This “shift-left” approach is certainly valuable, but should not be the only strand of your container workflow. Plenty of organizations choose to focus on their CI/CD pipeline, for instance, and use scripts to automate evaluation as container images make their way through.

This is of particular importance if you are making use of components that are offered on a SaaS model because it allows you to check that your SaaS provider has done the research and work necessary to ensure their software doesn’t compromise yours.

The Future

Although the container vulnerabilities above are a legitimate cause for concern, their appearance does seem to be leading to a shift in mindset. In just the past few months we’ve reported that Tripwire has made generally available a Tripwire for DevOps software-as-a-service (SaaS) offering optimized for containers and that StackRox has extended its Kubernetes security platform to add tools that scan for misconfigurations and vulnerabilities.

Whether tools of this type will prevent the appearance of further container vulnerabilities remains to be seen.
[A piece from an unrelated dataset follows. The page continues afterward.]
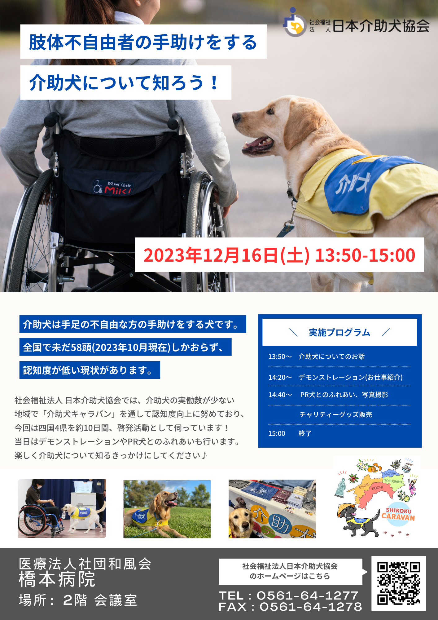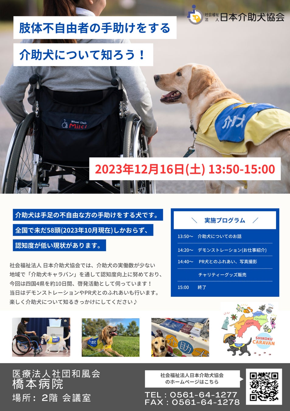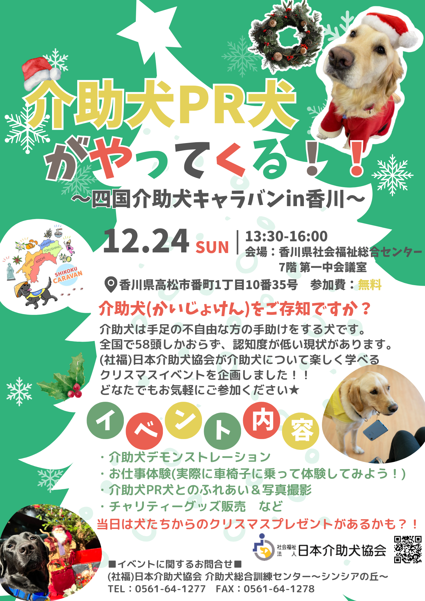 ●(福)日本介助犬協会が12月24日(日)~25日(月)に香川県に滞在し、四国地方にて介助犬の普及・啓発活動を行う「四国介助犬キャラバン」を実施する。

But they certainly form part of a new paradigm in container security, in which devs at all levels are starting to look at the connections between containers and the systems they are integrated with rather than seeing them as discrete (and potentially dangerous) monolithic components. And that is a shift that should be welcomed.

Sam Bocetta

Sam Bocetta is a freelance journalist specializing in U.S. diplomacy and national security, with emphases on technology trends in cyberwarfare, cyberdefense, and cryptography.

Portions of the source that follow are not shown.